There's more, lots more, but I'm all out of energy. Even my fingers ache. Yes, I have a tremendous amount of blessings in my life too, but for just one teensy tiny moment I'm feeling pity for myself and annoyance at feeling that pity. It's MY pity party, and I'll whine if I want to, whine if I want to, whiiiiiine if I want to. Oh, how the internal struggle battles on.......
Sunday, September 17, 2006
Something strange is afoot in the suburbs of Houston. Something that men seem completely powerless to resist. Something so alluring, they feel inexplicably drawn to my front door. What forces of nature are at work to render men so hypnotized by a dented, ugly, pukealicious, forest green, metal mass? Not even the famed Inspector Clousseau can solve this one.
The first inquiry came about six months ago with a middle aged Hispanic man rapping on my door wanting to pay me cash on the spot for my van. Laughingly, I told him that it wasn't for sale. Internally, I thought, "Holy crap! You can't perpetrate April Fool's Day jokes in March. What's wrong with you?"
Another month passed, and again a man knocked on my door with a hopeful, pleading look in his eyes wanting to purchase the van. Okay, that's just weird. I kindly explained that this is our paid off, trusty work vehicle. For the right price, we would sell, but not for the pittance people have offered. Disappointed, he trudged back down the driveway to his BRAND NEW BLACK HONDA SPORTS CAR! What?!!!!???

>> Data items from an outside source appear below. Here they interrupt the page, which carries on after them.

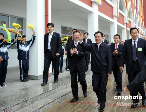 9月24日,賀國強來到固原回民中學(xué)慰問師生。當日,寧夏回族自治區(qū)成立50周年慶;顒又醒氪韴F團長賀國強率一分團到固原市慰問。中新社發(fā) 廖攀 攝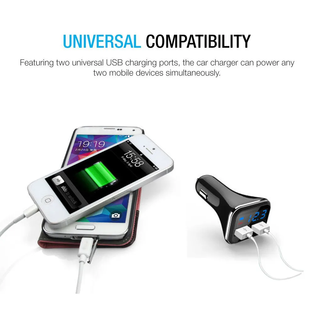 Quick Charge Dual USB Smart Car Charger Adapter Voltage DC 5V 4.8A Tester For iPhone Samsung
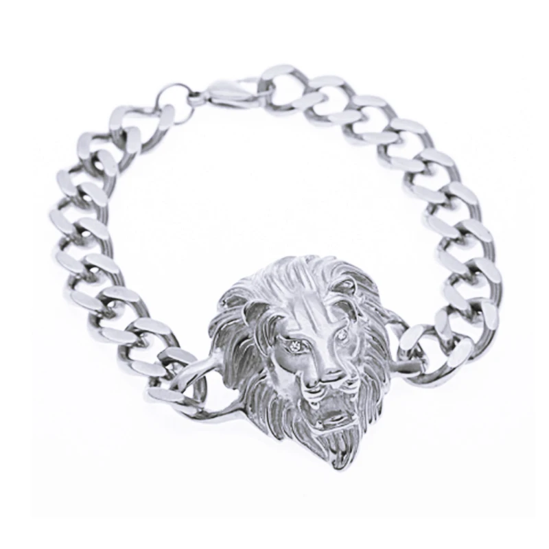 Браслет из нержавеющей стали с золотым львом и подвеской

This was no fluke. No less than six men in six months have come a knocking, seeking possession of this by now, exalted, sacred cow like vehicle. I looked online and discovered that Chevrolet stopped production of their Astro model back in 2005, thus making my van a highly sought after prized jewel. It's built on a truck chassis, making it sturdier for work purposes than other mini vans that are constructed on a car frame. That means it's strong enough for your friendly neighborhood amateur Sumo Wrestling Team (don't forget to put towels on the seats. Ewww!), but made for a typical suburban soccer mom.

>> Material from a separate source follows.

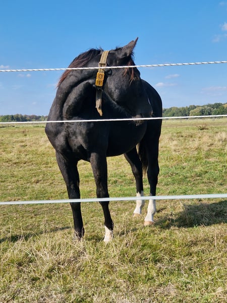 Treats N Diamonds - een prachtige jonge Quarter Horse hengst met een uitstekend fundament, stevige gewrichten en een zeer goede musculatuur. Hij toont zich nu al goed ontwikkeld en gezond. Zijn correcte lichaamsbouw, harmonieuze uitstraling en mooie kleur (zwart) maken hem tot een echte eyecatcher met toekomstpotentieel – zowel in de sport als in de recreatie. Geboren in 2024, met een eindmaat van ongeveer 152 cm. Tristan groeit op een diervriendelijke manier op in een hengstenopfok en is uitstekend gesocialiseerd. Hij is vriendelijk, nieuwsgierig, mensgericht en leergierig. Hij kent de dierenarts en de hoefsmid al, is halstert en is leeftijdsgericht gevaccineerd en ontwormd. Zijn afstamming laat geen wensen open: hij komt uit een eersteklas reininglijn en is ingeschreven bij NRHA Germany. Tristan is een zoon van One Shiney Treat, een zoon van de 10,2 miljoen dollar kostende sire Shining Spark. De moeder van One Shiney Treat, HAGANDAZ, is een Money Earning & Producing GRAYS STARLIGHT-dochter. Zij verdiende $49.289 in NCHA- en NRCHA-evenementen en bracht succesvolle prestatie-nakomelingen voort, met in totaal meer dan $65.616 (NRHA, NCHA & NRCHA). Tristans moeder, Miss Tiffany Chic, was succesvol in shows en is een Puro Chic-dochter. Tristans broers en zussen uit dezelfde moederlijn hebben zich al succesvol bewezen in de reining (open klasse). Een actuele 6-panel test is beschikbaar voor de ouders en daarnaast is er een eigen test – hij is N/N. Treats N Diamonds wordt geleverd met AQHA-papieren en paardenpaspoort. Dankzij zijn eersteklas reining-afstamming en de NRHA Germany-inschrijving staan hem alle wegen open – of het nu in de sport, op wedstrijden of als veelzijdige recreatiepartner is.

Should I inform the next potential bidder about the fossilized French Fries in every compartment? Or that you can decipher the age of the vehicle by counting up the crusted milk rings left on the upholstery? Maybe the surefire selling points would include the lack of air conditioning, and crayon graffiti scribbled across the back of the seats? It also holds that delightful scent of butt sweat odor that permeates when you don't have the luxury of air conditioning in a climate of 100% humidity. My daughter, Sunbum, once asked what the purpose was for all the little pull out trays with cigarette symbols printed on them. I told her that it meant that our van was chock full of ash holes.
Don't go ogling my van unless you got the money, honey. It may become so rare, that I can start charging admission to my driveway just to look at the Dodo bird of cars. I'll start opening up online bidding soon. Who wants a near extinct van loaded with top of the line A.M/F.M radio, sticky cup holders, and lots of big ash holes?
Saturday, September 16, 2006
This is my eldest daughter, Sunbum, in whom I am well pleased. Today marked the beginning of flag football season and Sunbum's debut as the only girl on her team. Don't let that congenial smile fool you, she's a defensive force to be reckoned with.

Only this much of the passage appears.